Project Summary In the current application, a collaborative, multidisciplinary research project is proposed to develop and validate an innovative platform to study the interactions between primary human intestinal cells and the pathogenic microbe, Clostridium difficile (C. difficile). A new and uniquely engineered technology will create an intestine-on-chip (organ-on-chip) platform capable of maintaining a viable human colonic epithelium co-cultured with luminal nonpathogenic and pathogenic obligate anaerobes in order to study fundamental cellular processes that occur during the interaction between the human and microbial cells. The work will design, model and engineer a three-dimensional intestinal-cell culture platform that supports a physiologic mucous layer as well as mimics the sheer forces of the passage of fecal material.

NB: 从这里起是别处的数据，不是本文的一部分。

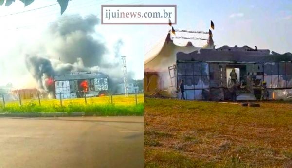 Um incêndio destruiu o compartimento da bilheteria e acesso principal do Circo Vitória, na tarde deste domingo (24/9), em Augusto Pestana.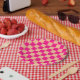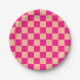 Assiettes En Carton à damiers carré pêche rose chaud rétro géométrique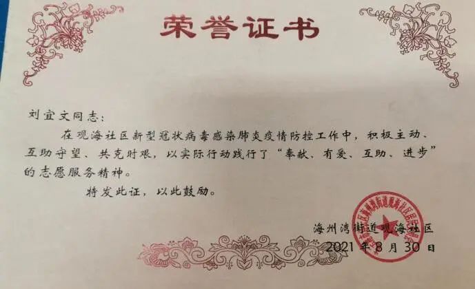 20217月末到8月初我报名参加了邳州市团市委组织的疫情防控“青春有你,战役同行”志愿活动,我工作的主要内容是疫情防控卡点的志愿服务,有序开展询问摸排、卡点测温、秩序维持、信息登记、政策宣传等工作。共计15次,获得了团市委颁发荣誉证书。20218月份报名参加了持续3天全民核酸的志愿者活动,早上5点到岗执勤,晚上12点休息,服务引导广大社区人们有序进行核酸检测活动。返校后,我积极报名参加了学校组织的疫情防控志愿者活动,在安排的巡逻岗位上一丝不苟地完成了自己的工作。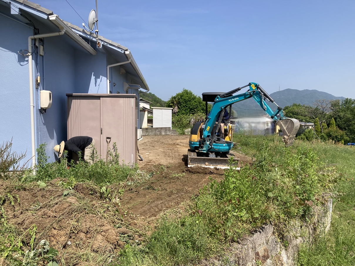 重機を使って、雑草や不要な土を撤去しながら整地作業を進めています。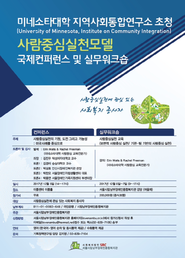 먼저 1부에서는 미국 미네소타대학 지역사회통합연구소 사람중심 실천 교육 전문가 Erin Watts와 Rachel Freeman이 사람중심실천의 기원, 도전, 그리고 가능성에 대한 미국의 사례를 발표할 예정이다.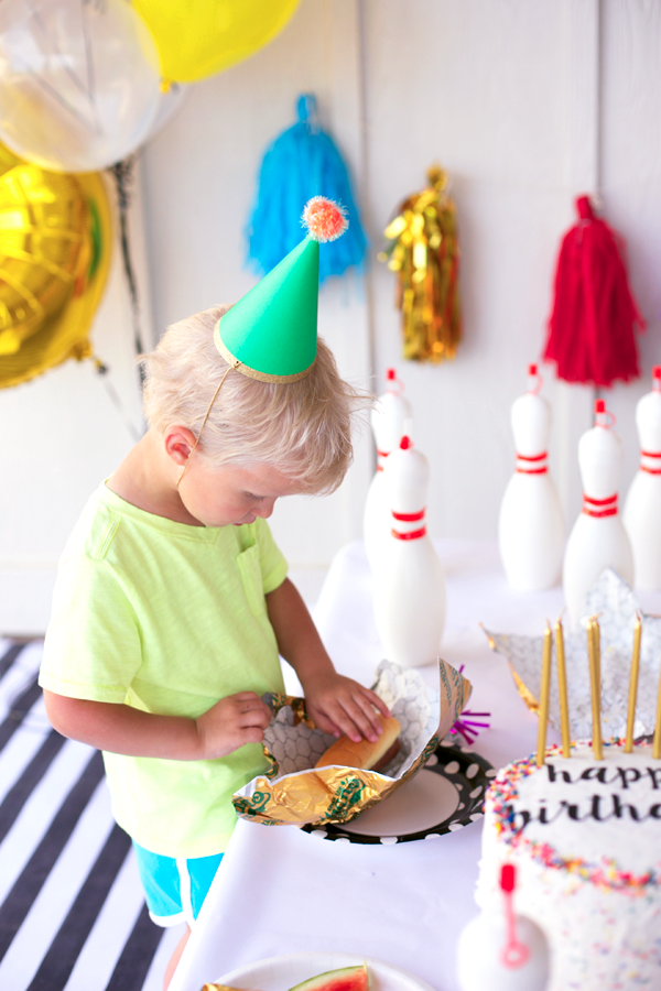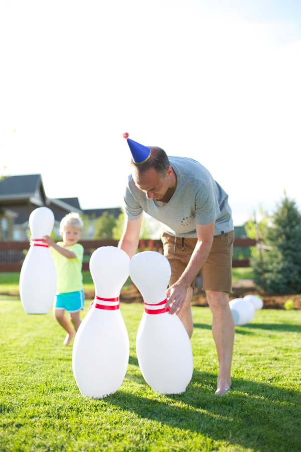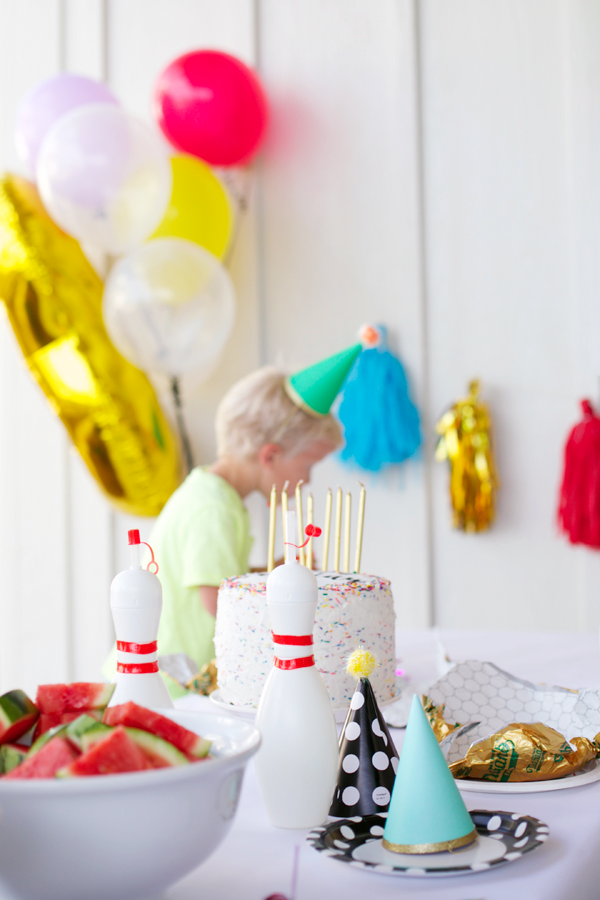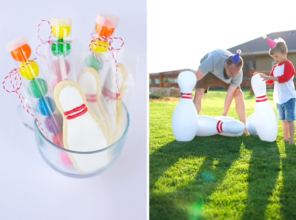 I mean, when they both request a bowling birthday party — you count your lucky stars, combine two birthdays into one, and say, “booya!” with an extra emphatic high-five to your Husby! There was a brief instant when we thought of celebrating at the actual bowling alley (of course, which would’ve been fun) but I kept running into giant bowling-related everything’s: bowling pin water bottles, numeral balloons, and the huge bowling inflatables… it was a sign to keep it comfy at home. Ryan somehow survived the gruesome games of becoming a ‘Human Piñata’ — taking one too many whacks to the head from the weighted pins. Yowchie! That’s real love right there, peeps.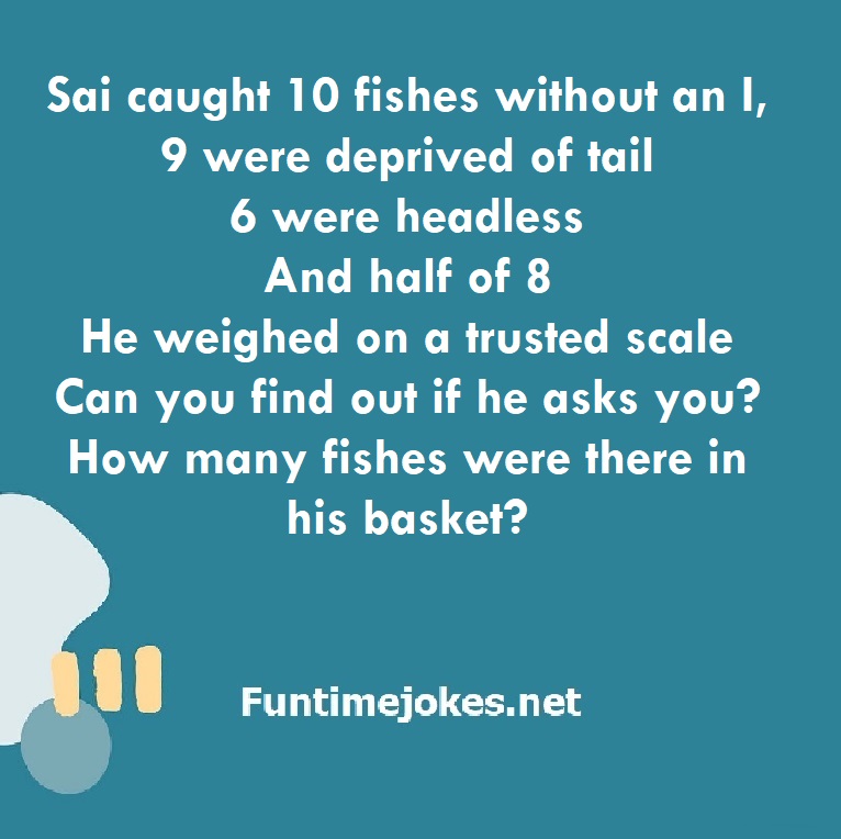 Sai caught 10 fishes without an I, 9 were deprived of tail 6 were headless And half of 8 He weighed on a trusted scale Can you find out if he asks you? How many fishes were there in his basket? is one of the best riddle of the day.We have best collections of riddles, You can see our best collection of Tricky Riddles with Answer

The design of this system will make it possible to observe and perturb the human-microbe cell-cell interactions and modify respective environments to elucidate the underlying cellular and molecular events key to these interactions. A powerful attribute of the proposal is that these experiments will leverage new stem-cell culture methods that produce a normal, primary human colonic epithelium rather than use tumor cell lines as the source of the mammalian cells. The experimental data generated by the proposed microphysiological system will in the future provide key information concerning prevention and treatment option(s) for C. difficile as well as provide a new technique for the study of other infectious organisms involving the gastrointestinal tract.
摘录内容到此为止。